● **EXERCISE GOAL**: What is needed is an exact copy of the lines in the entries below from the one holding "Gemini 42 |" through the one holding "Bomullsjakke med fast", pictures excluded.

● **DATA SUPPLIED**:
----------

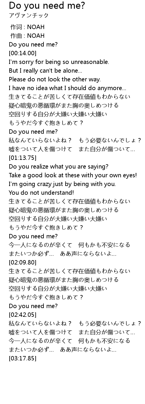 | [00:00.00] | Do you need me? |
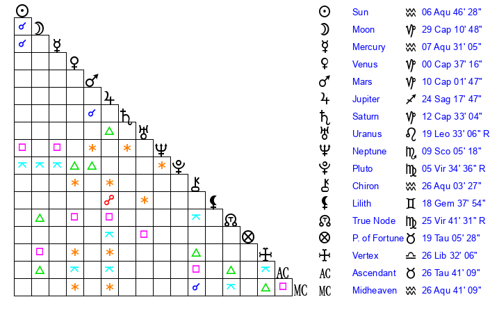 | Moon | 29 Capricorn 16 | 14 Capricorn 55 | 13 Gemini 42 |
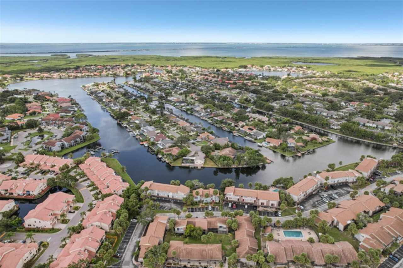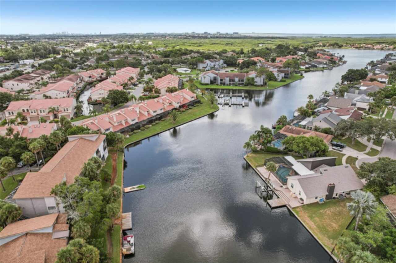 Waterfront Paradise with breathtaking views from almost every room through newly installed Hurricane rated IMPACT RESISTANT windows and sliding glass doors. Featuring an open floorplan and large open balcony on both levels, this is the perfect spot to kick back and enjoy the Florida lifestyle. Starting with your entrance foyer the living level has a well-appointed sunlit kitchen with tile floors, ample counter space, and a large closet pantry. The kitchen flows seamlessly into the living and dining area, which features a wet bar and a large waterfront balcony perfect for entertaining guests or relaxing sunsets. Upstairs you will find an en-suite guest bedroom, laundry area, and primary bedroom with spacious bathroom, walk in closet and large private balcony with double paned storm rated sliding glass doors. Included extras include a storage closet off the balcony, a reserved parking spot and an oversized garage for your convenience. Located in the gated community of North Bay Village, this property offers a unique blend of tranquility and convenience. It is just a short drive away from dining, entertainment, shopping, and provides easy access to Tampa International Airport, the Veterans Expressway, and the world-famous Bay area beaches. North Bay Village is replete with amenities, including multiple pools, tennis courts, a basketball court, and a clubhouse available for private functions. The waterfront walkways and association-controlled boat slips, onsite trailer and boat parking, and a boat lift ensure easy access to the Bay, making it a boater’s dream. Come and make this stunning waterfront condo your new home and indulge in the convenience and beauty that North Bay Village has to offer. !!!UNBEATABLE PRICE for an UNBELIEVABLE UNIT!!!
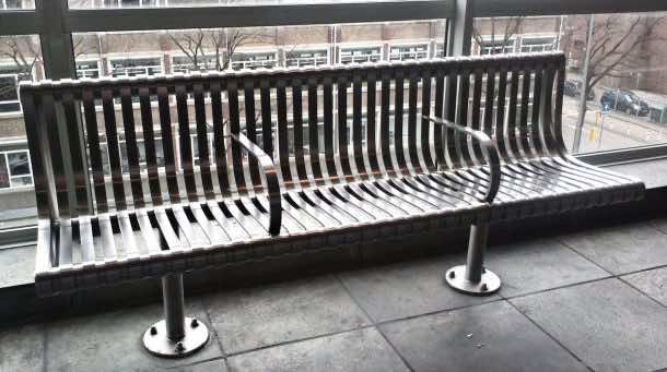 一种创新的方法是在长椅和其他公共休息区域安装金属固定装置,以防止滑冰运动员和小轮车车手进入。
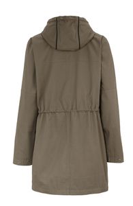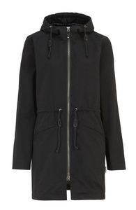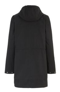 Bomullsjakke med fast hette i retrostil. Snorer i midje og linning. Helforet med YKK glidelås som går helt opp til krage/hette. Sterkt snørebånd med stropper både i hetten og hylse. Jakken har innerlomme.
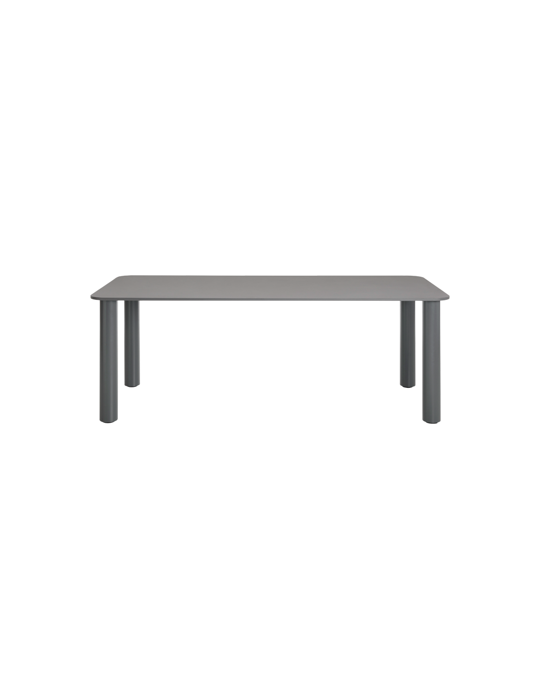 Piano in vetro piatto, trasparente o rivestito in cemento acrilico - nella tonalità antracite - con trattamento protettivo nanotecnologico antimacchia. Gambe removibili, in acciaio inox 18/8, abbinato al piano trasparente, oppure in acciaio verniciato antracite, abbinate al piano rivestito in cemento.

----------

● **REPLY**:
 | Moon | 29 Capricorn 16 | 14 Capricorn 55 | 13 Gemini 42 |
 Waterfront Paradise with breathtaking views from almost every room through newly installed Hurricane rated IMPACT RESISTANT windows and sliding glass doors. Featuring an open floorplan and large open balcony on both levels, this is the perfect spot to kick back and enjoy the Florida lifestyle. Starting with your entrance foyer the living level has a well-appointed sunlit kitchen with tile floors, ample counter space, and a large closet pantry. The kitchen flows seamlessly into the living and dining area, which features a wet bar and a large waterfront balcony perfect for entertaining guests or relaxing sunsets. Upstairs you will find an en-suite guest bedroom, laundry area, and primary bedroom with spacious bathroom, walk in closet and large private balcony with double paned storm rated sliding glass doors. Included extras include a storage closet off the balcony, a reserved parking spot and an oversized garage for your convenience. Located in the gated community of North Bay Village, this property offers a unique blend of tranquility and convenience. It is just a short drive away from dining, entertainment, shopping, and provides easy access to Tampa International Airport, the Veterans Expressway, and the world-famous Bay area beaches. North Bay Village is replete with amenities, including multiple pools, tennis courts, a basketball court, and a clubhouse available for private functions. The waterfront walkways and association-controlled boat slips, onsite trailer and boat parking, and a boat lift ensure easy access to the Bay, making it a boater’s dream. Come and make this stunning waterfront condo your new home and indulge in the convenience and beauty that North Bay Village has to offer. !!!UNBEATABLE PRICE for an UNBELIEVABLE UNIT!!!
 一种创新的方法是在长椅和其他公共休息区域安装金属固定装置,以防止滑冰运动员和小轮车车手进入。
 Bomullsjakke med fast hette i retrostil. Snorer i midje og linning. Helforet med YKK glidelås som går helt opp til krage/hette. Sterkt snørebånd med stropper både i hetten og hylse. Jakken har innerlomme.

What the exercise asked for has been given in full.